The following packages have unmet dependencies:
 gcc-4.9:arm64 : Depends: cpp-4.9:arm64 (= 4.9.2-10) but it is not going to be installed
                 Depends: binutils:arm64 (>= 2.25) but it is not going to be installed
                 Depends: libcloog-isl4:arm64 (>= 0.17) but it is not going to be installed
                 Depends: libisl10:arm64 (>= 0.10) but it is not going to be installed
                 Depends: libmpc3:arm64 but it is not going to be installed

So I’m really rusty in my linux builds (it was actually BEFORE common 64bit) so can you maintains both a 32bit and a 64bit build environment?

Thanks!
-Zac

sudo apt-get install aarch64-toolchain-osmc will give you a build environment that can coexist with 32-bit.

But I’d recommend just sticking with armhf if you’re not sure about things, especially as the performance changes are small.

It’s more about learning the performance.
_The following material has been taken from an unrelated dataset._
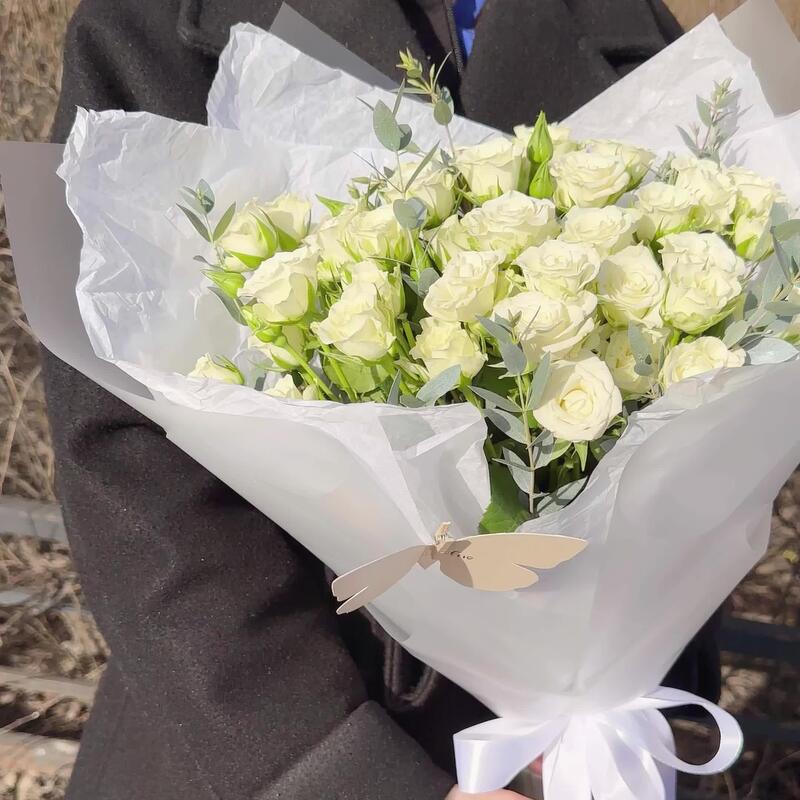 Роза кустовая – 11 шт.Эвкалипт – 3 шт.Лента атласная – 1 шт.Тишью – 2 шт.Пленка матовая – 2 шт.Открыточка с вашими пожеланиями – 1 шт.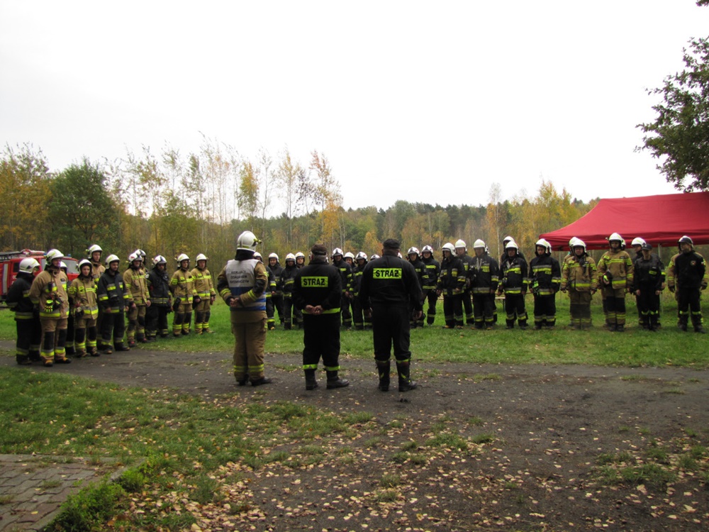 Teren Strzelnicy Myśliwskiej Koła Łowieckiego Hubertus w Orzeszu posłużył w sobotę za miejsce do przeprowadzenia ćwiczeń jednostek OSP z Orzesza. Podczas odprawy strażacy zostali poinformowani o scenariuszu ćwiczeń.

When you say it can co-exist, is it like the same binary files, but you pass a different parameter to build 32 or 64? Or are the completely different binary versions/names? Thank you so much for you help, you’re amazing with all the support you give to all of this.

If there’s a google phrase that might point me in the best direction?

Have you given any thought to a Vero Auto edition? 3 HDMI ports out, each running a separate instance of kodi (but shared settings) for passengers? Guess I could go with three different vero boxes, but some kind of centralized way to manage them would be great.

I think the Vero would ve at its limits if it had to decode three different videostreams simultaniously.
Also be sure to give ot clean power in the car with a stable 5V regulator that can put out some amps.

Didn’t mean the device as it is today, per-se, more like that it would be a whole new market. Considering that even low-end video system for autos are $500+…

This is quite niche and a bit outside of OSMC’s current scope.